La película acierta en su puesta en escena y en su desarrollo: los personajes son fácilmente identificables (casi es obvio decir que todo el mundo tiene en su familia a alguno de ellos: el tío bonachón, la tía cotilla, la prima salidorra...) por el que el público conecta rápidamente con la historia y desde entonces se deja llevar. Esa comunión puede provocar que más de uno sobrevalore lo que es la cinta en realidad: un producto hecho con pocos medios pero que trata de llegar a un número mayoritario de gente aprovechándose de los tópicos. Y ahí también es donde está su error y su mayor problema, por cuanto sabes que podía haber dado mucho más de sí, si hubiesen tenido el valor suficiente como para alejarse de los elementos comerciales. Aunque en ese caso, seguramente no habría tenido la repercusión que ha tenido. Para los que gustan del género, la cinta no defrauda (por eso antes decía que acertaba). Pero tampoco lo hará con aquellos que no les gusta (en los que me encuentro) porque, a pesar del abuso de estereotipos, a pesar de la típica historia, se pasa un rato entretenido y agradable que, en realidad, es lo que se va buscando.
En fin, que el cine “independiente” cada vez lo es menos porque pretende salvar su falta de presupuesto recurriendo a tópicos comerciales. Por suerte, en este caso, hay un reparto muy interesante (plagado de secundarios que lo bordan), una serie de situaciones cómicas que si bien no son originales, sí están bien planteadas y dosificadas y una sencillez en la puesta en escena que cala rápido y que te permite olvidarte de sus fallos para disfrutar de la historia.

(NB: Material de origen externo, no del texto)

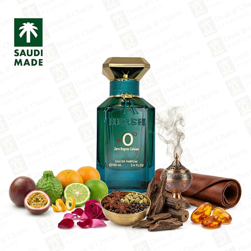Hersh Zero Degree Celsius is a bold oriental fragrance opening with fresh passionfruit and citrus, blooming into rose and spices, and settling into a deep, smoky base of oud, leather, and amber. Intense. Elegant. Unforgettable.
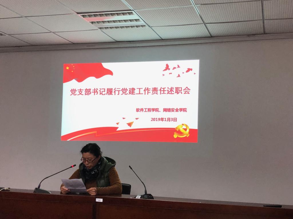 2019年1月3日上午,BB贝博艾弗森原官方网站、网络安全学院党委所辖师生党支部书记开展述职工作专题活动。学院全体党员参加此次支部书记述职报告会。王智钢、王爱侠、胡国兵、邵彦婷4位党支部书记依次上台做述职报告,学院指定专职组织员做好会议记录。

Leer más sobre este producto
|
|
05.02.2003 11:34
Coincido con Spawn. Yo creo que exagera tanto los tópicos que se ríe de ellos. Es como salirse por el otro lado. A fin de cuentas la directora y actriz principal es griega, ¿qué sentido tiene que se burle de sí misma? Es más tópica Los padres de ella. En cuanto ves la casa griega con estatuas de Venus y columnas de piedra a la entrada (¿qué griego en su sano juicio convertiría su casa en un Partenon?), ya sabes a qué atenerte. A mí me sorprendió gratamente cuando fui a verla al cine, la verdad. Es una comedia, pura y dura. Pretende hacer reir y lo consigue. ¿Para qué más?
31.01.2003 09:55
Cuando la ví anunciada no me sedujo demasiado y no fui a verla al cine, y tras tu opinión creo que he hecho bien. Así que si la veo en el videoclub y no tengo nada mejor que hacer como leer, ir al cine, a un concierto o darlo yo... pues la veré en casita ;)
16.01.2003 18:47
Pues para mí los tópicos de toda clase exagerados al máximo es lo que le da a esta peli su gracia, ahí no estoy de acuerdo contigo.